_WHAT YOU WILL DO_
From the first line below to the last, reproduce the material exactly and leave out the images.

_GIVEN MATERIAL_
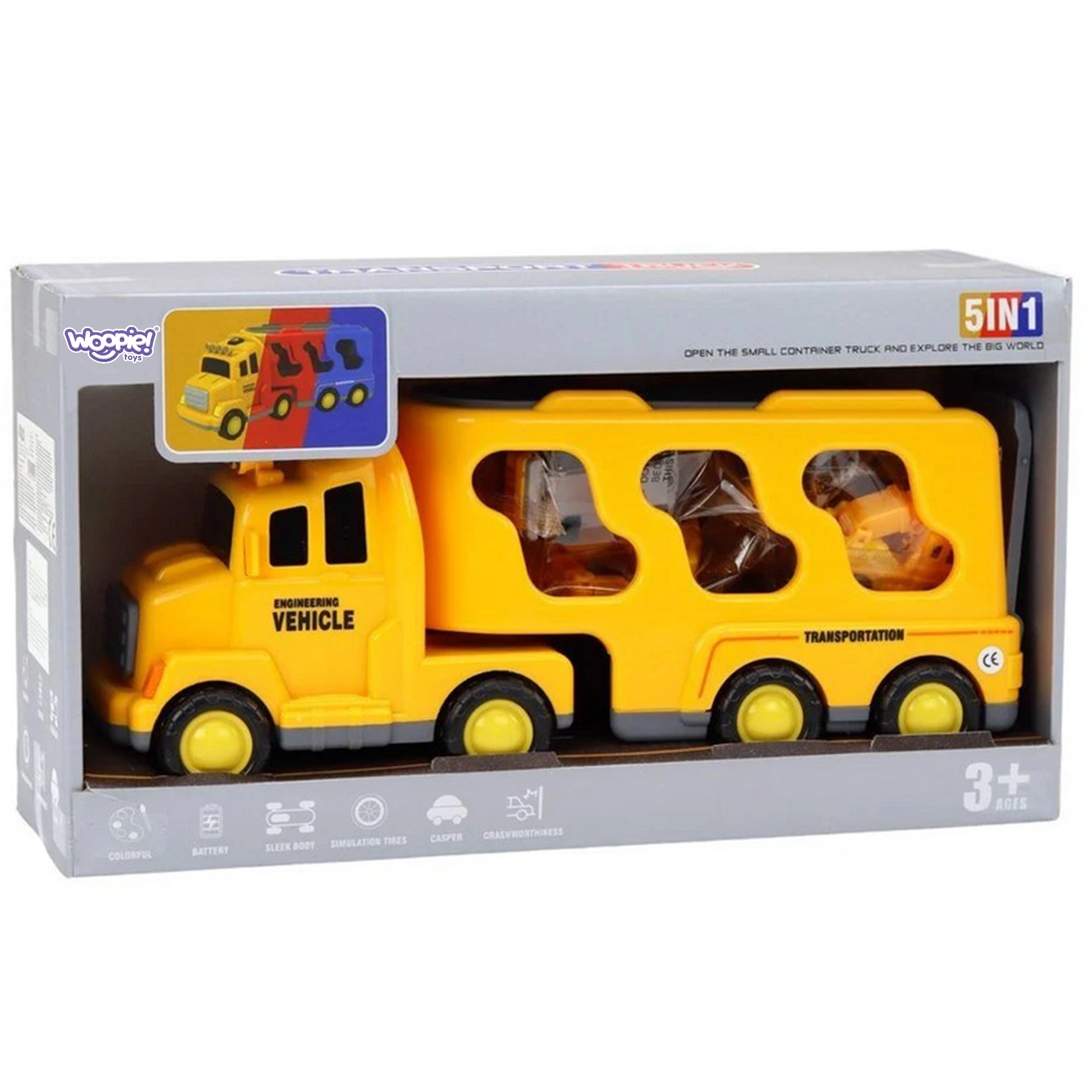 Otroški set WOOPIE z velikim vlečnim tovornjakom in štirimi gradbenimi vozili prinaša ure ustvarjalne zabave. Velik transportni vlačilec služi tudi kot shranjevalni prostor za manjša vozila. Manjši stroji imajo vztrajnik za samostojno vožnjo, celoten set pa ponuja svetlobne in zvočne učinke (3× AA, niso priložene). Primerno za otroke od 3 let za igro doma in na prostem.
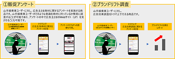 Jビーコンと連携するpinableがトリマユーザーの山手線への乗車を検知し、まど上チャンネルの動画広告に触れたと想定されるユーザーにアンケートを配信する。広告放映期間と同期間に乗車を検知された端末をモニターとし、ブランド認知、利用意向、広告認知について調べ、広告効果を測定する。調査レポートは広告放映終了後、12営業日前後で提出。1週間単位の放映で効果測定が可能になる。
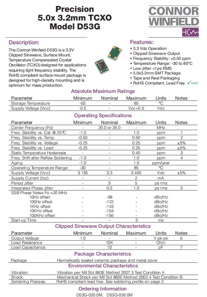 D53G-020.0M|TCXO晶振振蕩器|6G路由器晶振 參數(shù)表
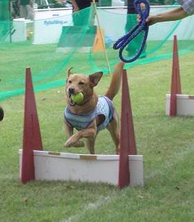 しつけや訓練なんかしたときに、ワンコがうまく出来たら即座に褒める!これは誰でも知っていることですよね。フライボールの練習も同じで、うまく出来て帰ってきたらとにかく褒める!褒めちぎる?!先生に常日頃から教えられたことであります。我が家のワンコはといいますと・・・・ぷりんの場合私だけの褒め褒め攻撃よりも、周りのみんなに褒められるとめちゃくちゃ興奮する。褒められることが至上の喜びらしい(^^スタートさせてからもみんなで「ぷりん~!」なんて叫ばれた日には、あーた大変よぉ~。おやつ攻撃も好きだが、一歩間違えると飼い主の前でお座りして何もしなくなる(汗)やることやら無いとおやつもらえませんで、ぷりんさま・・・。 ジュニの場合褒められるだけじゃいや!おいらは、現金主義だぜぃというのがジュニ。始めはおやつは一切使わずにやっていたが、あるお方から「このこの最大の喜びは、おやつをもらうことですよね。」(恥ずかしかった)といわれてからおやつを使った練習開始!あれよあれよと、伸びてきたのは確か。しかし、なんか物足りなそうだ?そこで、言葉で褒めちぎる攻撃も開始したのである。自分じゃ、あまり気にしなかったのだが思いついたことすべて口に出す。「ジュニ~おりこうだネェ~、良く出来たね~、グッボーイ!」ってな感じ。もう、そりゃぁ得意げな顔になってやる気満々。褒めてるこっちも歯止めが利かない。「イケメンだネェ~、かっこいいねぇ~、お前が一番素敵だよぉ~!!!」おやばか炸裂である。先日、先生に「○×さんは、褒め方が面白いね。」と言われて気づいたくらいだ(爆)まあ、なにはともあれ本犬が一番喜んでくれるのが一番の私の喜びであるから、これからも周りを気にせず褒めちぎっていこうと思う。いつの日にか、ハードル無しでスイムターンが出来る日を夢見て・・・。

_EXERCISE ANSWER_
 Otroški set WOOPIE z velikim vlečnim tovornjakom in štirimi gradbenimi vozili prinaša ure ustvarjalne zabave. Velik transportni vlačilec služi tudi kot shranjevalni prostor za manjša vozila. Manjši stroji imajo vztrajnik za samostojno vožnjo, celoten set pa ponuja svetlobne in zvočne učinke (3× AA, niso priložene). Primerno za otroke od 3 let za igro doma in na prostem.
 Jビーコンと連携するpinableがトリマユーザーの山手線への乗車を検知し、まど上チャンネルの動画広告に触れたと想定されるユーザーにアンケートを配信する。広告放映期間と同期間に乗車を検知された端末をモニターとし、ブランド認知、利用意向、広告認知について調べ、広告効果を測定する。調査レポートは広告放映終了後、12営業日前後で提出。1週間単位の放映で効果測定が可能になる。
 D53G-020.0M|TCXO晶振振蕩器|6G路由器晶振 參數(shù)表
 しつけや訓練なんかしたときに、ワンコがうまく出来たら即座に褒める!これは誰でも知っていることですよね。フライボールの練習も同じで、うまく出来て帰ってきたらとにかく褒める!褒めちぎる?!先生に常日頃から教えられたことであります。我が家のワンコはといいますと・・・・ぷりんの場合私だけの褒め褒め攻撃よりも、周りのみんなに褒められるとめちゃくちゃ興奮する。褒められることが至上の喜びらしい(^^スタートさせてからもみんなで「ぷりん~!」なんて叫ばれた日には、あーた大変よぉ~。おやつ攻撃も好きだが、一歩間違えると飼い主の前でお座りして何もしなくなる(汗)やることやら無いとおやつもらえませんで、ぷりんさま・・・。 ジュニの場合褒められるだけじゃいや!おいらは、現金主義だぜぃというのがジュニ。始めはおやつは一切使わずにやっていたが、あるお方から「このこの最大の喜びは、おやつをもらうことですよね。」(恥ずかしかった)といわれてからおやつを使った練習開始!あれよあれよと、伸びてきたのは確か。しかし、なんか物足りなそうだ?そこで、言葉で褒めちぎる攻撃も開始したのである。自分じゃ、あまり気にしなかったのだが思いついたことすべて口に出す。「ジュニ~おりこうだネェ~、良く出来たね~、グッボーイ!」ってな感じ。もう、そりゃぁ得意げな顔になってやる気満々。褒めてるこっちも歯止めが利かない。「イケメンだネェ~、かっこいいねぇ~、お前が一番素敵だよぉ~!!!」おやばか炸裂である。先日、先生に「○×さんは、褒め方が面白いね。」と言われて気づいたくらいだ(爆)まあ、なにはともあれ本犬が一番喜んでくれるのが一番の私の喜びであるから、これからも周りを気にせず褒めちぎっていこうと思う。いつの日にか、ハードル無しでスイムターンが出来る日を夢見て・・・。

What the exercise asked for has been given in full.